■ **Provided data**
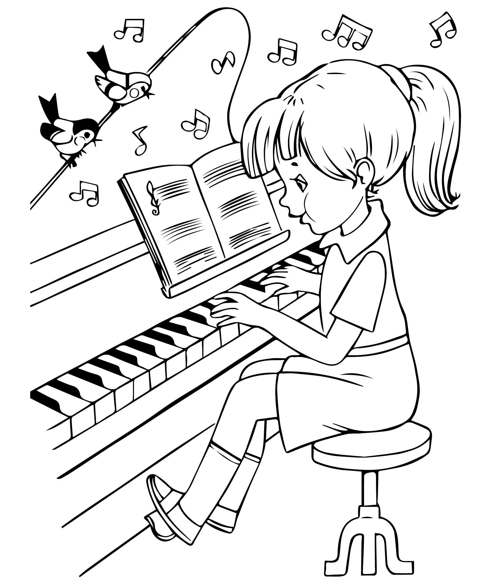 Раскраска пианистка девочка
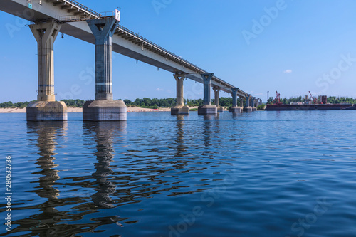 View on the famous dancing bridge in Volgograd from the water of Volga river in the hot clear sunny summer day
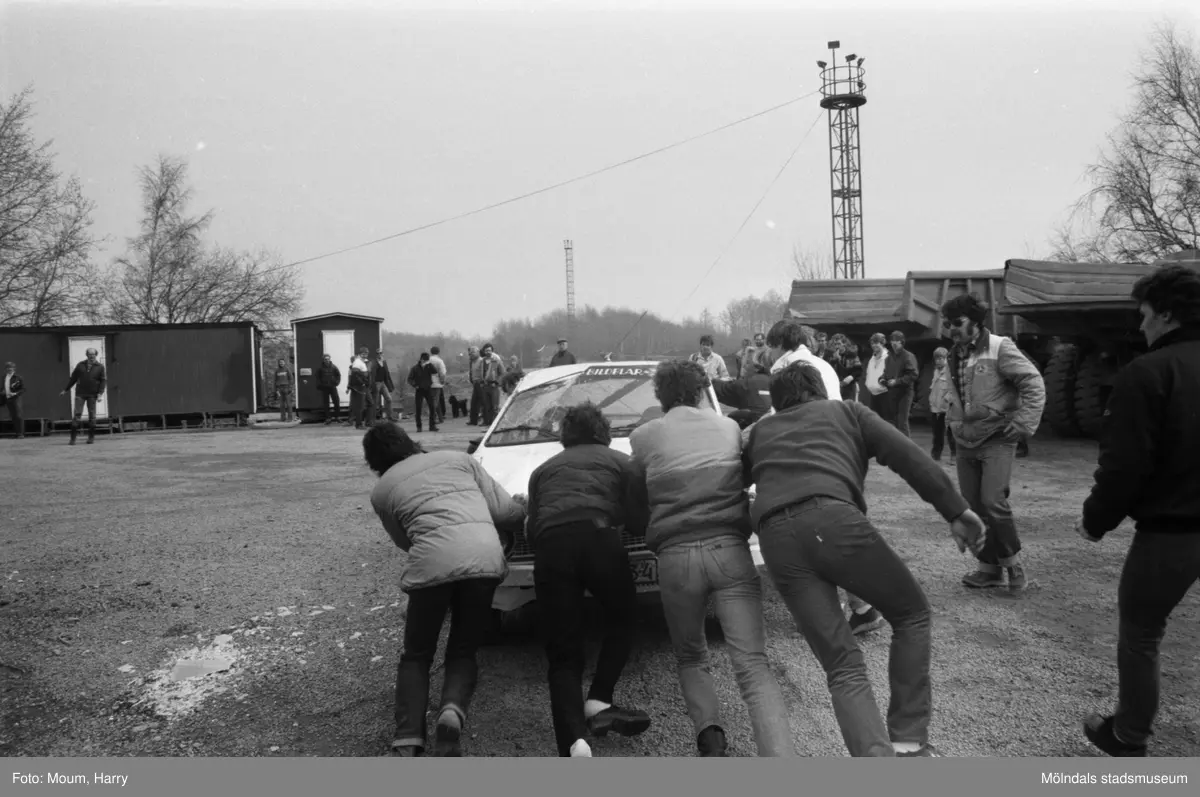 Titel: Rallytävlingen Bilexa-knixen körs på stenbrottet Sabemas område, år 1984. För mer information om bilden se under tilläggsinformation.

■ **Work item**
Without the pictures, write out the entire listing exactly.

■ **Exercise response**
 Раскраска пианистка девочка
 View on the famous dancing bridge in Volgograd from the water of Volga river in the hot clear sunny summer day
 Titel: Rallytävlingen Bilexa-knixen körs på stenbrottet Sabemas område, år 1984. För mer information om bilden se under tilläggsinformation.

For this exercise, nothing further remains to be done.